14 thoughts on “Ask QBQ! Author John Miller Your Questions

  1. Dan Erickson says:

    Cherish the toddler age. My daughter’s almost eight and now I see little girls like yours and get all mushy. The book sounds good. I read several parenting books over the past few years. One of my favorites was “Nurture Shock.”

    1. Jon Stolpe says:

      And my daughter’s almost 16, Dan. Enjoy these days. It goes by so fast.

      My question for John: I’m not a perfect parent, my parents weren’t perfect parents, and my grandparents weren’t perfect parents either. For those of us with older kids (AKA teenagers), how do we deal with a past of parenting that may not have been as intentional as desired? What recommendations do you have for parents to kick-start their parental leadership after former lapses in leadership?

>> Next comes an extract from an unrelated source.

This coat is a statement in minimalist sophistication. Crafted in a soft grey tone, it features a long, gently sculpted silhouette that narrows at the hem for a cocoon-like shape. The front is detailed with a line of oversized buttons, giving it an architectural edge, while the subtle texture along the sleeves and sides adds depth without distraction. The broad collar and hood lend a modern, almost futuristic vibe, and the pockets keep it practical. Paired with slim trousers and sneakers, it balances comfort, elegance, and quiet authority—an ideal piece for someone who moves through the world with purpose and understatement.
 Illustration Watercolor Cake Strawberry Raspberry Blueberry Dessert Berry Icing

      1. Matt McWilliams says:

        Really great question Jon!

      2. Wade_Thorson says:

        Great questions Jon in regards to how to kick-start the perental leadership, I think that is true for most parents where they weren’t succesful in the beginning and now would like to improve things and make up for lost time.

  2. Lily Kreitinger says:

    I’ve placed my order for Parenting the QBQ Way and can’t wait to read it! This is my (long) question to John. “I enjoy the QBQ approach to life, business and parenting. I’ve found it so helpful and very easy to apply. I assume if we’re responsible for what our kids are doing “wrong” we must also be responsible for what they do right. If they are polite, kind, courageous, spiritual… it’s also because of how we parent. How can we encourage ourselves and other parents to see beyond the mess and look at the rewards?”

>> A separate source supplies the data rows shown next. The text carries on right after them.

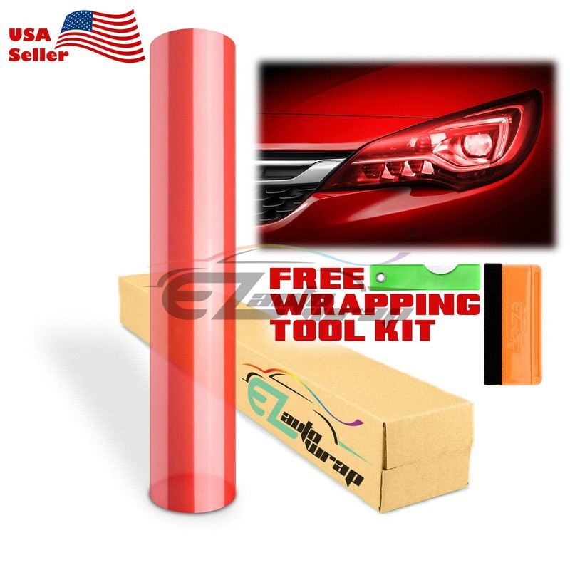 EZAUTO WRAP Free Tool Kit 12"x108" (1FT x 9FT) Glossy Red Headlight Taillight Fog Light Side Marker Vinyl Tint Film Self Adhesive
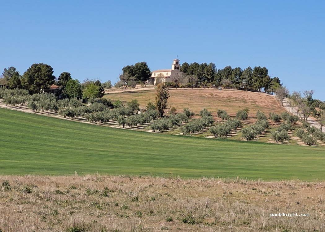 Superbe endroit pour passer une nuit, jolie vue sur les champs d oliviers. A l'abri des regards et en retrait de la route, cul de sac menant à une chapelle. Juste un chien aboyant jusqu'à tard.
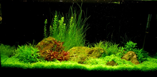 И така... 9 месеца по-късно нещата стоят коренно различно.   *JOKINGLY* Аквариума претърпя малък катарзис - нередовно торене, "леки" прекъсвания на въглерода, силно замърсен филтър, нередовно торене, преместване на аквариума в необитаема стая и ред други обстоятелства. В край сметка резултат е видим по-долу  :-[ . Дори бях пред дилема дали да не прекъсна за малко.... И ето, че сега намерих нови сили  :-) Смятам за начало да вкарам малко нови бързо растящи растения. Да започна да торя малко по-прецизно и да правя по редовни смени на водата, пък ще видим..
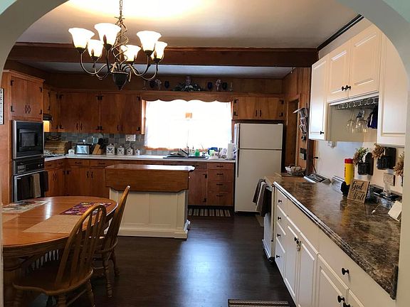 Experience the joy of cooking in this fully-equipped large dine in kitchen area with Lots of cabinet space, Work Island and all appliances included. Large fenced in back yard. 2 car unattached garage with several attached storage sheds. Nice dry basement area. Several updates include, furnace/ Ac, Hot water This three bedroom 2 bath home has So much space. Both yard and home are spacious and well kept. heater, sump pump and Check value, pex water lines, breaker box, vinyl siding. Very nice move in ready home!
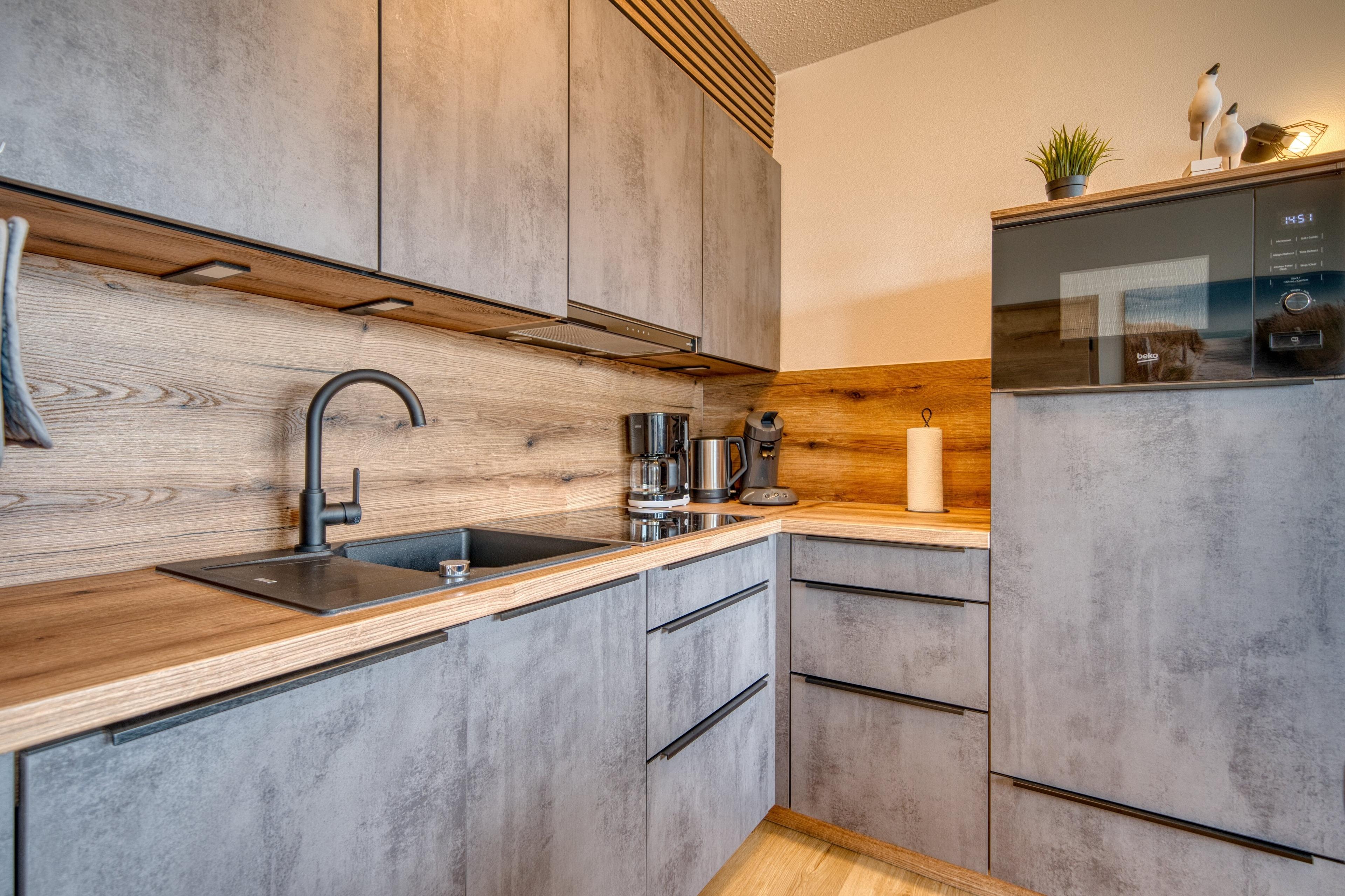 Küche: Geschirrspüler, Kühlschrank mit Gefrierfach, Mikrowelle, Wasserkocher, Toaster, Filterkaffeemaschinen, Induktionskochfeld

    1. Bob Winchester says:

      Oooh, good one! Encouragement is oxygen to the soul, right?

      1. Matt McWilliams says:

        I agree with Bob. Great question @lilykreitinger:disqus

  3. Bob Winchester says:

    Sounds pretty cool Matt! Looking forward to it. QBQ definitely influences me daily. I’ll have to pickup a copy of Parenting the QBQ Way!

  4. Tammy Helfrich says:

    Sounds like a great series.

  5. Wade_Thorson says:

    Thanks Matt for doing this series, I haven’t read Parenting teh QBQ Way yet, but I have read the QBQ book. The parenting side will be a great series, and will help me in parenting my 5 kids. I will put together a couple questions for you as well.

    1. Matt McWilliams says:

      Look forward to them Wade!

      1. Wade_Thorson says:

        One of the challeges I see with my kids would be trying to get them excited about changing how they look at these questions. What can I do to help my kids have a drive to change from asking IQs to personnally accountable questions.

  6. I believe one of the most important skills we can teach our children is to problem solve. This often includes accountability and consequences. We can talk until we are blue in the face, telling them to “put on a jacket” (I’m talking school aged children here) – we can explain that they will catch cold (which isn’t true – colds are viruses and are not transmitted through cold temperatures) or that they will freeze to death (which is probably an exaggeration, depending on where you live). Yet if we let them choose for themselves, be accountable for their actions, and they end up being cold – the lesson is learned, which they taught themselves. It’s hard not to constantly nag…I mean “shepherd” 🙂 but I would rather they learn at an early age that there are consequences for decisions – while the consequences are realitively minor. I also believe in allowing the child to make choices. It gives them power. Not the “I am so special” power that leads to a sense of entitlement – but the power of a voice and a choice. This sounds like an excellent resource for parents. Thanks for sharing.

    1. Matt McWilliams says:

      Well said Lulu!

      Where did that myth of catching cold IN the cold come from anyway? Or not to swim for 30 minutes after eating? Or that reading in bad light ruins your eyes?

      I’d say my favorite parentism is when, in mid-June, a parent tells his or her four year-old in the store, “If you don’t behave right now, Santa Claus is not coming.”

      Why not something more practical? Like, “If you don’t start behaving, I am not fully funding your college fund this year.” That’d be funny.